■ WHAT YOU ARE ASKED TO DO
Only one portion of the data is to be written out: from the line bearing "Mama Zen to" through the line bearing "LOT:109G: Seymour Mann". Write it exactly as it appears.

(Beginning of EXTRACTED DATA)

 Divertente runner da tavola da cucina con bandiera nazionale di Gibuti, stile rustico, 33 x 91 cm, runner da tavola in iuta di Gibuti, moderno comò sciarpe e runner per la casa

(End of EXTRACTED DATA)
(Beginning of EXTRACTED DATA)

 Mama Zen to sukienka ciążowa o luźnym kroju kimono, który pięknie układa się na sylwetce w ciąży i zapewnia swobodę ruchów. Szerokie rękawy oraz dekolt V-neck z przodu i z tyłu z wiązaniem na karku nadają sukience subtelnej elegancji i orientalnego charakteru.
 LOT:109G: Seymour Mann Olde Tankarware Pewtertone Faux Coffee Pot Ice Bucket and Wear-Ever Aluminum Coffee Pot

(End of EXTRACTED DATA)
(Beginning of EXTRACTED DATA)

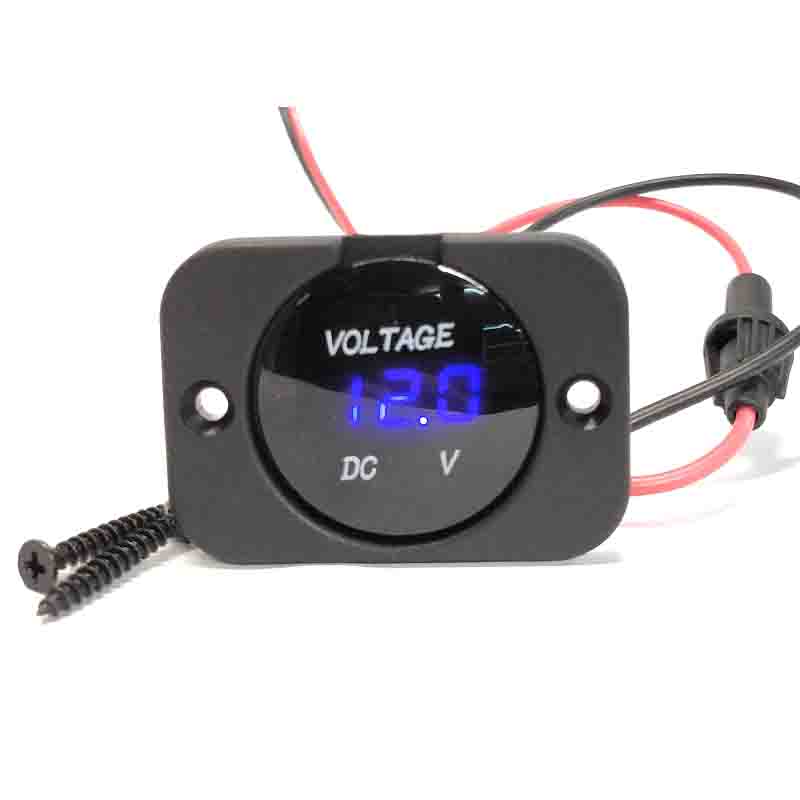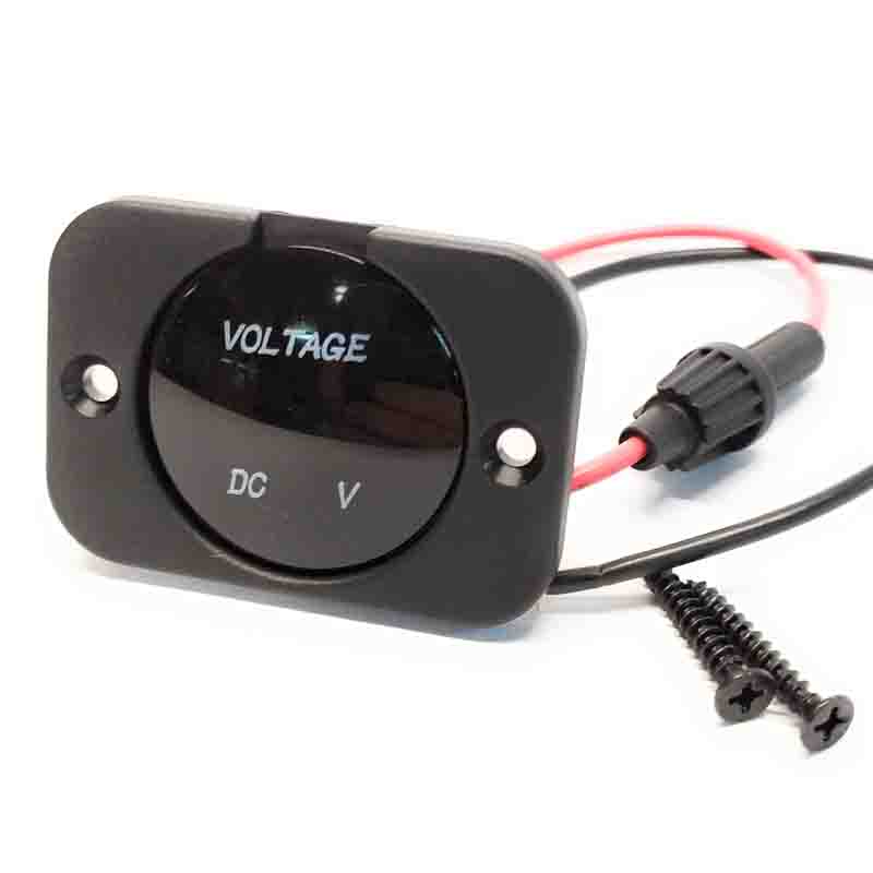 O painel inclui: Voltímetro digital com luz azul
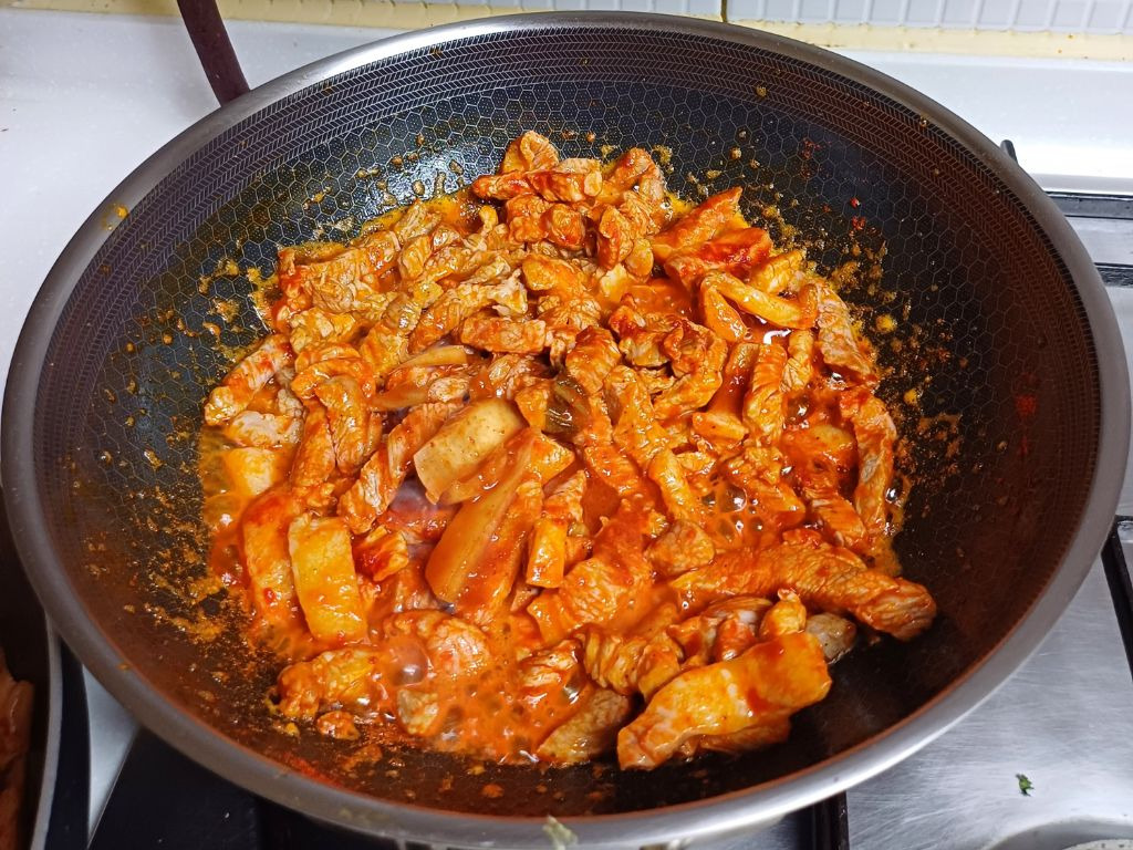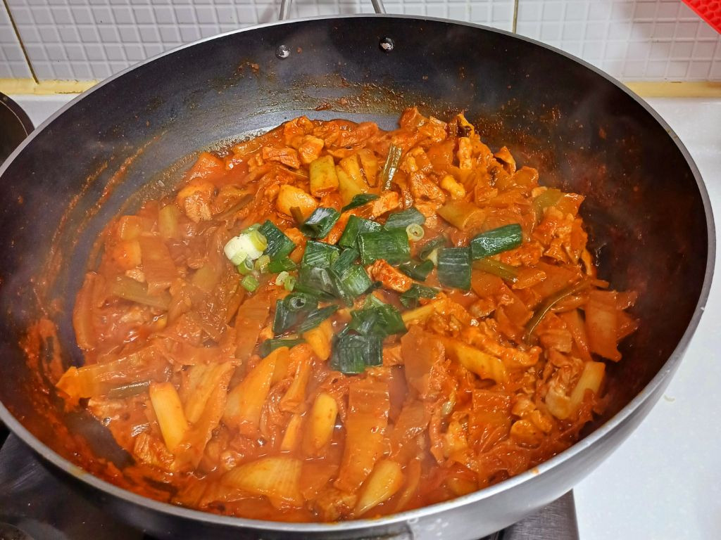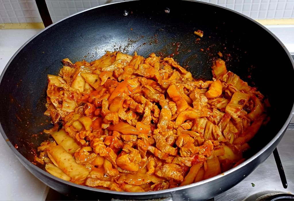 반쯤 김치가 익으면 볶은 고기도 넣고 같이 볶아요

(End of EXTRACTED DATA)

■ OUTPUT OF THE EXERCISE
 Mama Zen to sukienka ciążowa o luźnym kroju kimono, który pięknie układa się na sylwetce w ciąży i zapewnia swobodę ruchów. Szerokie rękawy oraz dekolt V-neck z przodu i z tyłu z wiązaniem na karku nadają sukience subtelnej elegancji i orientalnego charakteru.
 LOT:109G: Seymour Mann Olde Tankarware Pewtertone Faux Coffee Pot Ice Bucket and Wear-Ever Aluminum Coffee Pot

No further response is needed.